Duplicated segments pose serious problems for the assembly and annotation of the human genome. In the human reference genome there are still large gaps that require specialized efforts to fill. Many of these gaps lie within highly duplicated segments in which the degree of sequence variation among duplicated loci approaches levels of allelic variation. Many people assume that much of the sequence that is still missing from the reference assembly is not very biologically interesting.
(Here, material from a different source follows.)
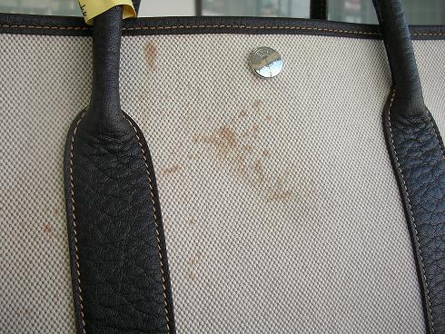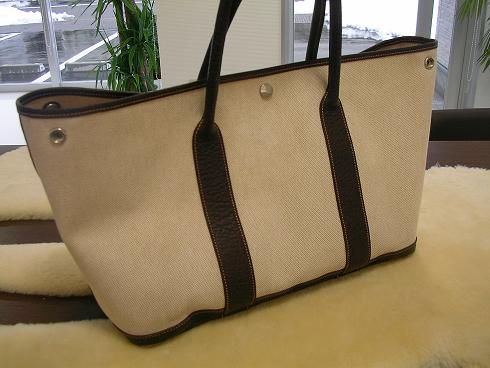 エルメスのガーデンパーティーの日焼け色褪せが酷くエルメスアフターセールスカウンターに持ち込みましたがこんなに状態が悪いとどうにもならないと言われかなり落ち込んでいましたがネットで検索してはなこやさんを知りました。エルメスにも無理と言われてたので少しでも綺麗になればぐらいで期待しすぎないでお願いしました。

However, it has become increasingly apparent that the segmental duplications themselves provide the molecular basis for many human genetic disorders. The resolution of these regions is therefore essential for a complete understanding of the genetic basis of human disease. Three patches released in GRCh37.p8, that add almost 400Kb of novel sequence, prove the concept that sequence missing so far from the reference genome can be of crucial importance.  The biological story surrounding these sequences can be found in a recent publication from the Eichler lab (Dennis et al., 2012) but here we'll tell you a little bit about how we worked with the Eichler lab to create these assembly patches. Figure 1: Ancestral copy of SRGAP2 in chimpanzee (left) and human (right). The other red ticks on the human chromosome showthe human specific duplications added by this effort.One of the impediments in resolving the complexity of these regions is the diploid nature of the hum...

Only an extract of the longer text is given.